Things get pretty bloody and shocking, satisfyingly so for horror fans, and the film uses practical old-school visual effects with no CGI. Bertino resolutely keeps the relationship between mother and daughter in the foreground as they try and stay alive. He works in numerous flashbacks to the family’s turbulent earlier life (including a cameo by Scott Speedman of “The Strangers” as the father) to show just how much they’ve already survived.
But at some point, those flashbacks aren’t necessary, both because they break up the tension of the film and because Kazan and Bellentine are so good at conveying that shared history with a look or a cutting line.
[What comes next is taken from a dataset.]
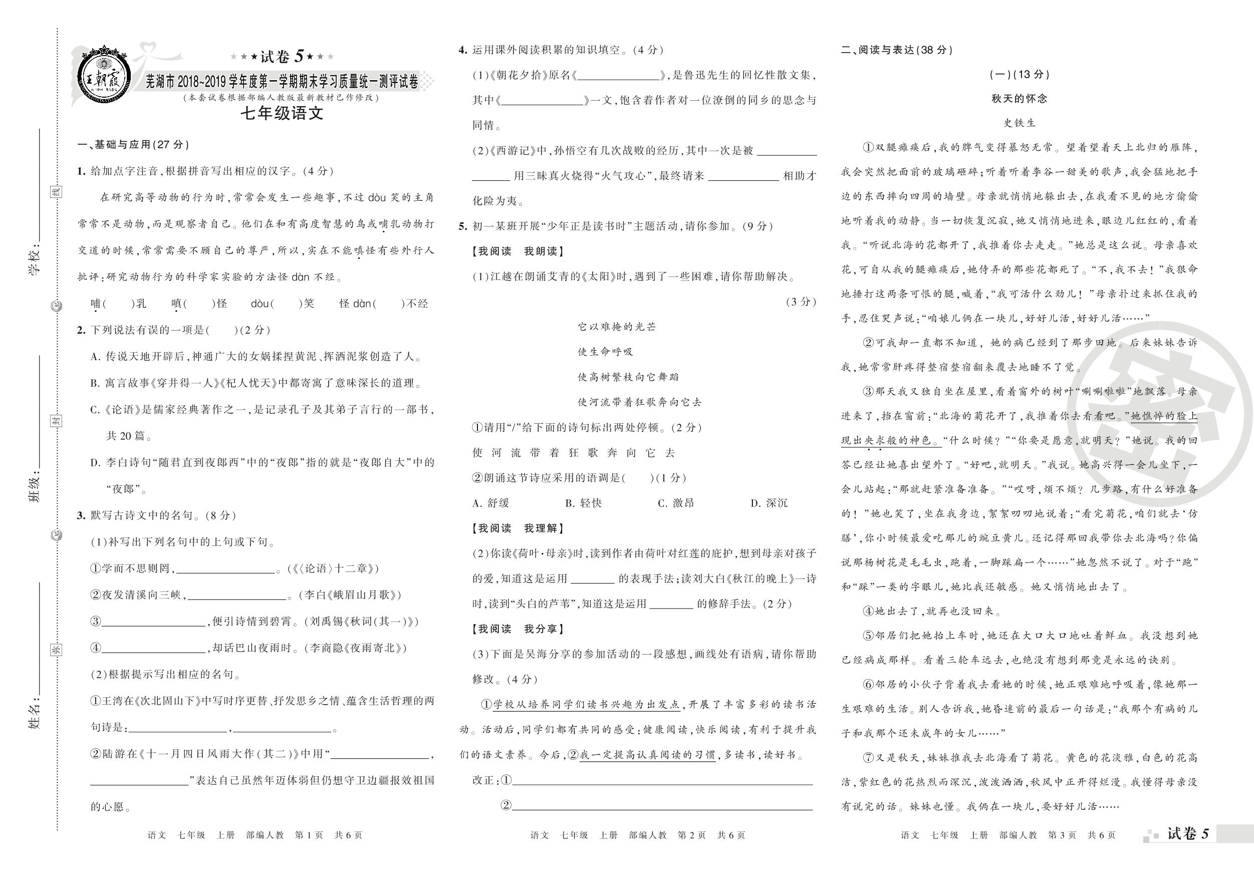 2018-2019学年第一学期芜湖市七年级语文试卷(人教版)【5】

Kazan, in particular, who usually doesn’t play this sort of role, is very good as showing Kathy’s self-loathing, seeing her daughter as the living embodiment of all her bad decisions, and then finally and fiercely accepting her maternal instinct.
We’re coming up to the end of a year full of great horror movies (“The Witch,” “Don’t Breathe,” “The Invitation.”) “The Monster” may have more modest goals than some of the others, but it deserves a place on that list.